[Prompt]: From the listing below, please restate exactly the lines beginning at the one with "7月21日,人們在哈爾濱大劇院附近的松花江畔游玩(無人機照片)。" and ending at the one with "Offertory Hymn: Great is Thy faithfulness", both included, and skip the pictures.
============================================================
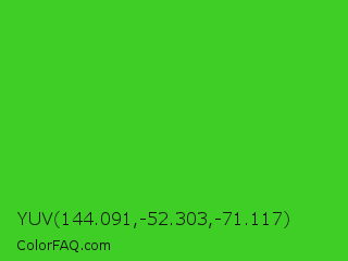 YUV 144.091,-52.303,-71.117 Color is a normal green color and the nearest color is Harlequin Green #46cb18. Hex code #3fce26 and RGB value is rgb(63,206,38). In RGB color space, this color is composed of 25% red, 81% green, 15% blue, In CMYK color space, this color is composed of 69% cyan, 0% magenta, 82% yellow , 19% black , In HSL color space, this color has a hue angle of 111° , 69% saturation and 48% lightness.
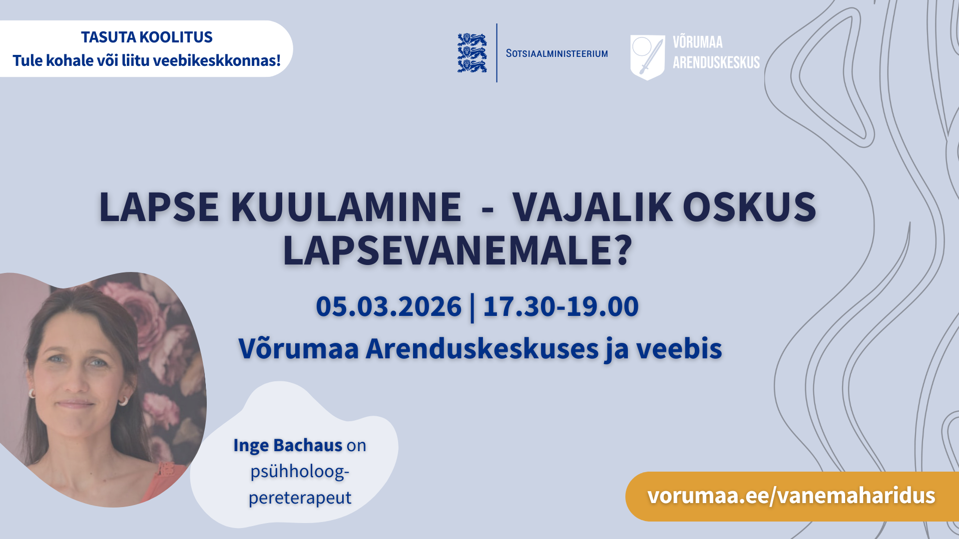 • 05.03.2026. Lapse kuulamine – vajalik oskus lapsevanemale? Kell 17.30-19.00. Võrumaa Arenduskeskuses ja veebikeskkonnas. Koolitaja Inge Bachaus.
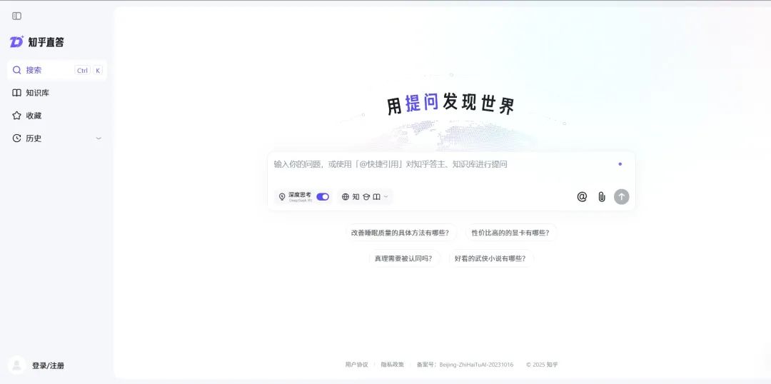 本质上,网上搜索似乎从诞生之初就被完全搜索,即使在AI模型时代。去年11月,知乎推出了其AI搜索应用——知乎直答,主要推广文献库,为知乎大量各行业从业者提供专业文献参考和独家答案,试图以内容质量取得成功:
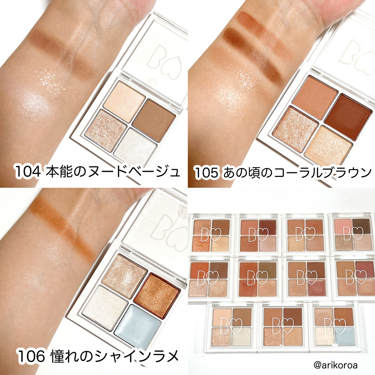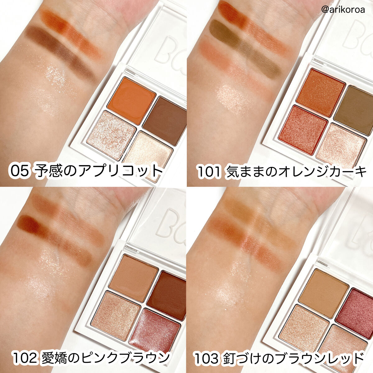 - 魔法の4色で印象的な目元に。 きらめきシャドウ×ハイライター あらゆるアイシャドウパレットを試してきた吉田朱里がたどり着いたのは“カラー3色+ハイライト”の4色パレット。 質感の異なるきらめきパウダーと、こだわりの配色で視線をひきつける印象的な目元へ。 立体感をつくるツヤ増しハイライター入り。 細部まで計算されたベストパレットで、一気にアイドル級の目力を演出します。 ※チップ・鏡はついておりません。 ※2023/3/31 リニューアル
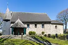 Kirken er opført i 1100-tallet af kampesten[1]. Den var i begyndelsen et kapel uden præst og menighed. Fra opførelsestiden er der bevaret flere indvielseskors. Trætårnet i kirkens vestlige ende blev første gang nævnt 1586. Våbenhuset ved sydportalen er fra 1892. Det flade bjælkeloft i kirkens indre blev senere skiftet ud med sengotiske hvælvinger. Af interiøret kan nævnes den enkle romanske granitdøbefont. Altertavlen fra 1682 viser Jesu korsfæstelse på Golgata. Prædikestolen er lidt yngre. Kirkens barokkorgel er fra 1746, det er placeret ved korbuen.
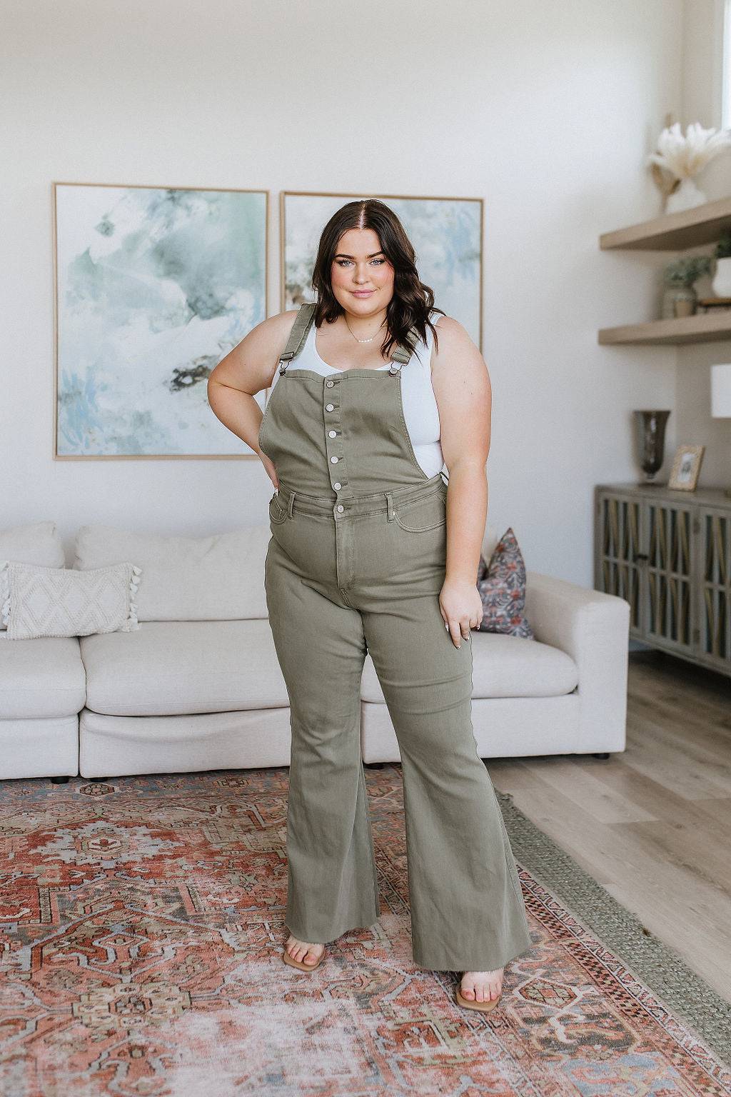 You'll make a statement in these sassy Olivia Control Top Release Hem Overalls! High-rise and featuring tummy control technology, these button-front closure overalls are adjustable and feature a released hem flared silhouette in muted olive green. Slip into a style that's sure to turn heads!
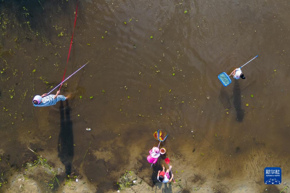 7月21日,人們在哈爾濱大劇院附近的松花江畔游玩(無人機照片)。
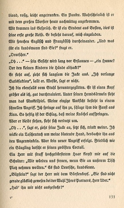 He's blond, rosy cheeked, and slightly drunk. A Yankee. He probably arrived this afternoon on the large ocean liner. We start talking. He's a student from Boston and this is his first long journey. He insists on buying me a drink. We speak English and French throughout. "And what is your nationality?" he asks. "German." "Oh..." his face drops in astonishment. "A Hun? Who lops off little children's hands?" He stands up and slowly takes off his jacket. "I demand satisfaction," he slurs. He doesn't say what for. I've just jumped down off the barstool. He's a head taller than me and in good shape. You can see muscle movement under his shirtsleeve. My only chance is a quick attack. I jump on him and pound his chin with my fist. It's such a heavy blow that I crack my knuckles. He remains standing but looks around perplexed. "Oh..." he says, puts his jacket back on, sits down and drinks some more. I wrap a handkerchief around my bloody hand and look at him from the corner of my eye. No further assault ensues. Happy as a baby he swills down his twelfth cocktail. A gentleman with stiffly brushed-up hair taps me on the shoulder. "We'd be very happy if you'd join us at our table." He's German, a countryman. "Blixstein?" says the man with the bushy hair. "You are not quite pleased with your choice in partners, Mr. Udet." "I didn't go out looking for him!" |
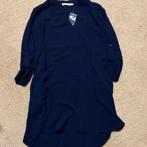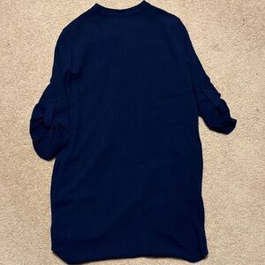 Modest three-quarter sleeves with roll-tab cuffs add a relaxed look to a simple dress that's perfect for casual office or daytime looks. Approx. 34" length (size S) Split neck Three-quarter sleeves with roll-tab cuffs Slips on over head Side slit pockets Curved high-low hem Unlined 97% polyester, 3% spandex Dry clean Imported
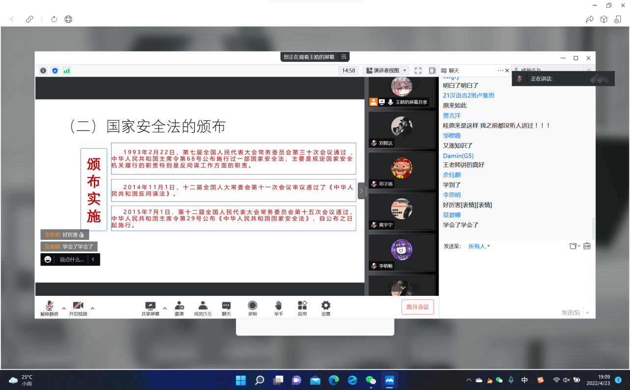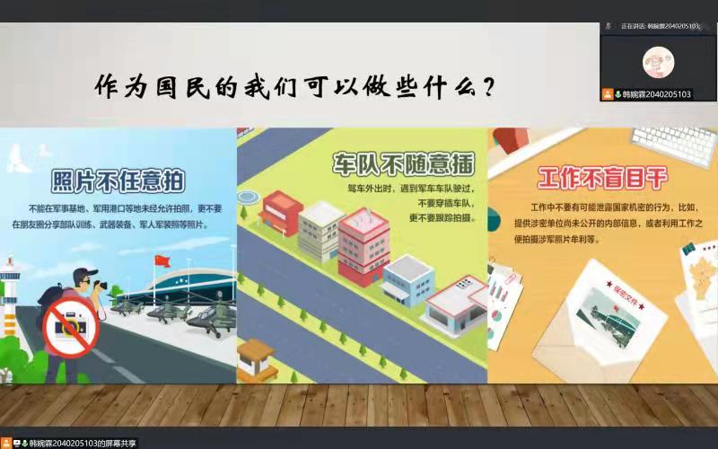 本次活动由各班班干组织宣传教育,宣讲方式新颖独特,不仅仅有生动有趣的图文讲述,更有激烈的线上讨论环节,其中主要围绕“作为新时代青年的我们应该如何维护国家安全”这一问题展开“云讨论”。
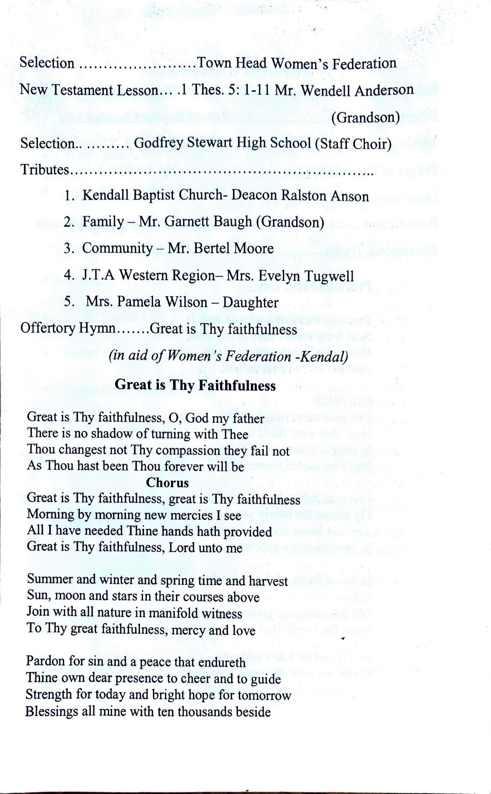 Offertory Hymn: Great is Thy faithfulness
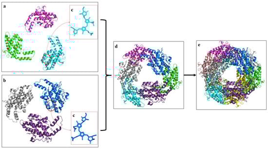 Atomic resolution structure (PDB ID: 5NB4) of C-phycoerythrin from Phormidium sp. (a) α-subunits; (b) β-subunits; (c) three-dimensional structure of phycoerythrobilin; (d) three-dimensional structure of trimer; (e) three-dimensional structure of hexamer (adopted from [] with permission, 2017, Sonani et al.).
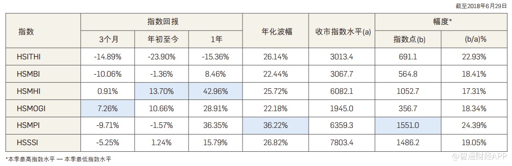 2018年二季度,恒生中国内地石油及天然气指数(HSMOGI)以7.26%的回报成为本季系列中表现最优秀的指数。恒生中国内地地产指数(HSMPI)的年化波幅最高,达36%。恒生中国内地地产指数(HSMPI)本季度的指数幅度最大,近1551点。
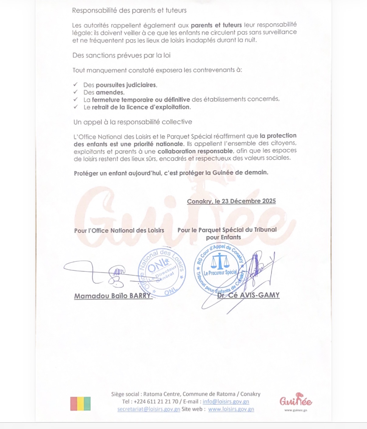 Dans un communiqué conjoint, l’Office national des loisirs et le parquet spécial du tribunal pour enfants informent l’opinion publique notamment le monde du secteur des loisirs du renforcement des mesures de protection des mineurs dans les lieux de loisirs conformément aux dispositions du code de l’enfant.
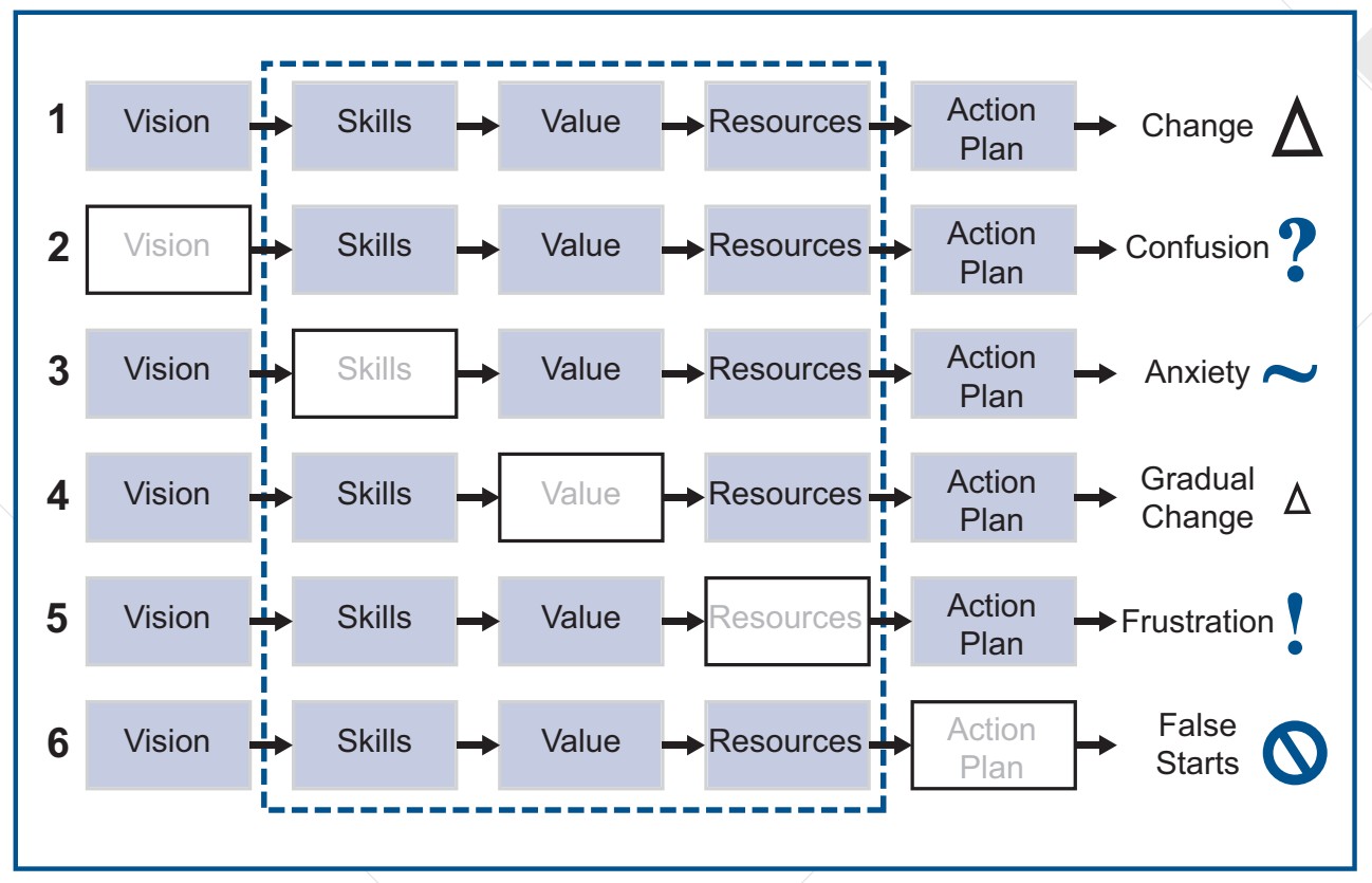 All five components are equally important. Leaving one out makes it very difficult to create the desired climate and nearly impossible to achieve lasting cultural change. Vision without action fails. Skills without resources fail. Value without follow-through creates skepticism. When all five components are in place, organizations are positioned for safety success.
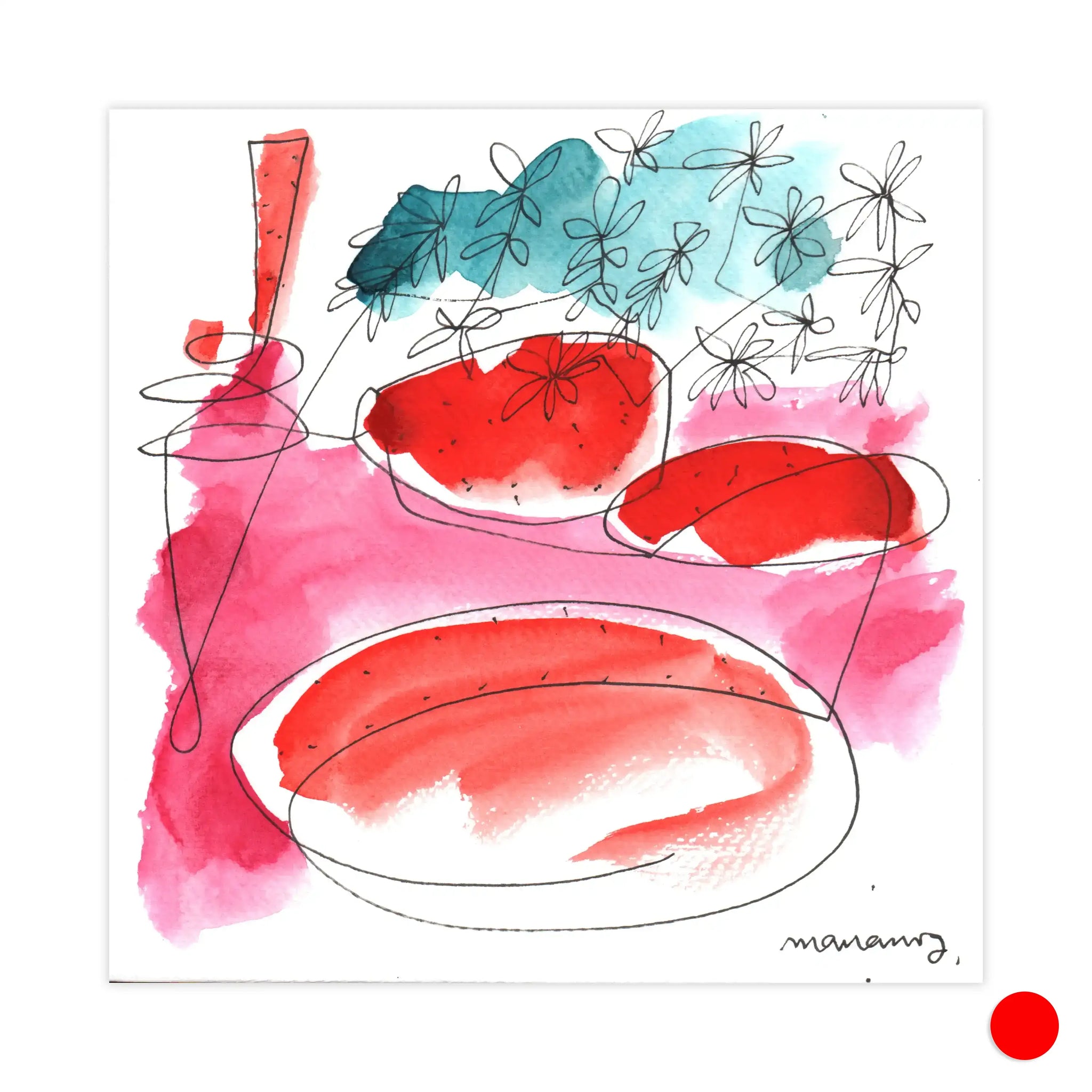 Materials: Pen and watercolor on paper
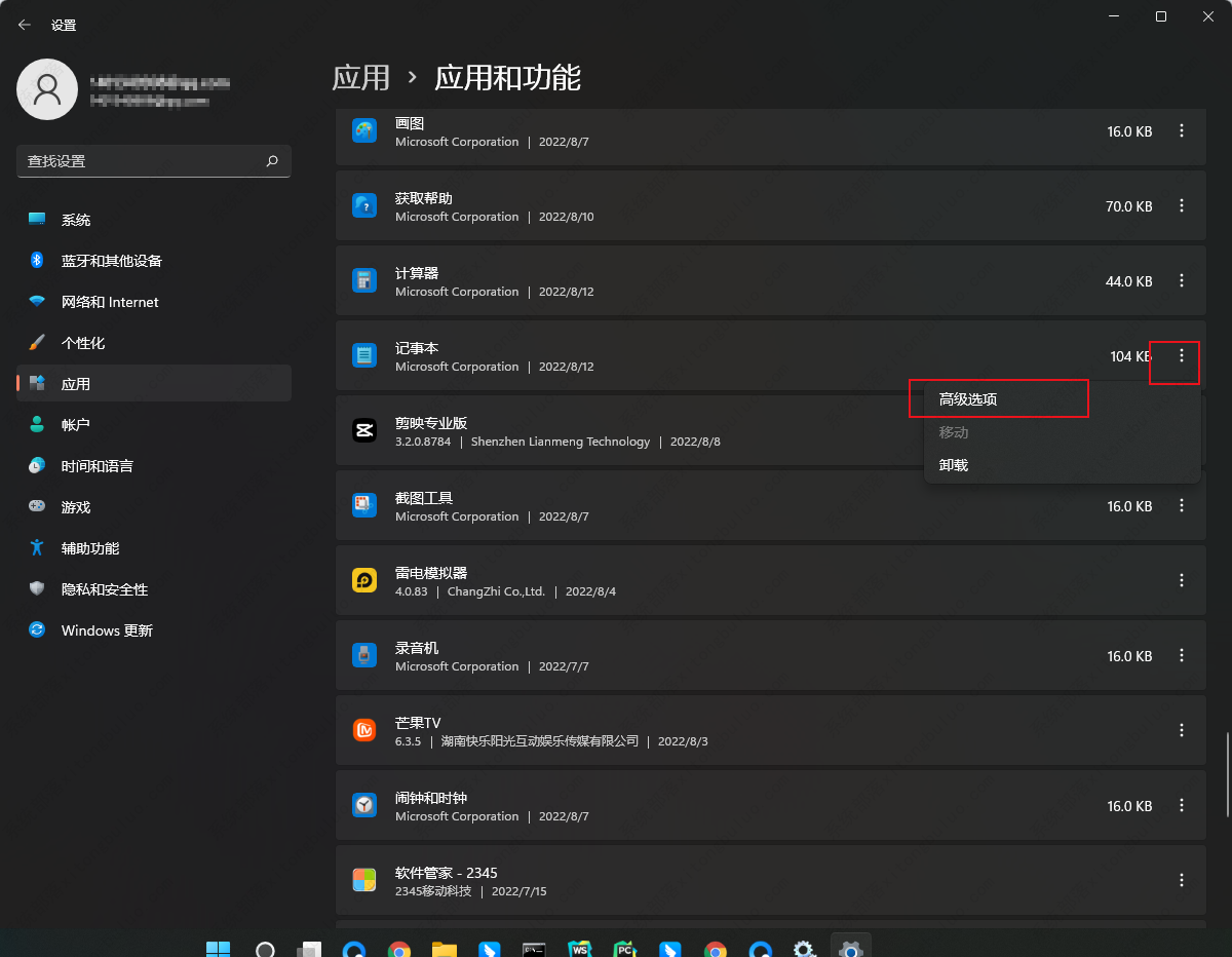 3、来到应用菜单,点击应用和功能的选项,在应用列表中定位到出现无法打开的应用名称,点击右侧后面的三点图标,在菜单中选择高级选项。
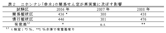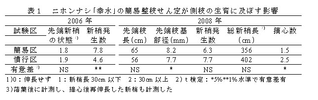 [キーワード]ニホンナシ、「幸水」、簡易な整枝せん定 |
============================================================
[Answer for this exercise]:
 7月21日,人們在哈爾濱大劇院附近的松花江畔游玩(無人機照片)。
 He's blond, rosy cheeked, and slightly drunk. A Yankee. He probably arrived this afternoon on the large ocean liner. We start talking. He's a student from Boston and this is his first long journey. He insists on buying me a drink. We speak English and French throughout. "And what is your nationality?" he asks. "German." "Oh..." his face drops in astonishment. "A Hun? Who lops off little children's hands?" He stands up and slowly takes off his jacket. "I demand satisfaction," he slurs. He doesn't say what for. I've just jumped down off the barstool. He's a head taller than me and in good shape. You can see muscle movement under his shirtsleeve. My only chance is a quick attack. I jump on him and pound his chin with my fist. It's such a heavy blow that I crack my knuckles. He remains standing but looks around perplexed. "Oh..." he says, puts his jacket back on, sits down and drinks some more. I wrap a handkerchief around my bloody hand and look at him from the corner of my eye. No further assault ensues. Happy as a baby he swills down his twelfth cocktail. A gentleman with stiffly brushed-up hair taps me on the shoulder. "We'd be very happy if you'd join us at our table." He's German, a countryman. "Blixstein?" says the man with the bushy hair. "You are not quite pleased with your choice in partners, Mr. Udet." "I didn't go out looking for him!" |
 Modest three-quarter sleeves with roll-tab cuffs add a relaxed look to a simple dress that's perfect for casual office or daytime looks. Approx. 34" length (size S) Split neck Three-quarter sleeves with roll-tab cuffs Slips on over head Side slit pockets Curved high-low hem Unlined 97% polyester, 3% spandex Dry clean Imported
 本次活动由各班班干组织宣传教育,宣讲方式新颖独特,不仅仅有生动有趣的图文讲述,更有激烈的线上讨论环节,其中主要围绕“作为新时代青年的我们应该如何维护国家安全”这一问题展开“云讨论”。
 Offertory Hymn: Great is Thy faithfulness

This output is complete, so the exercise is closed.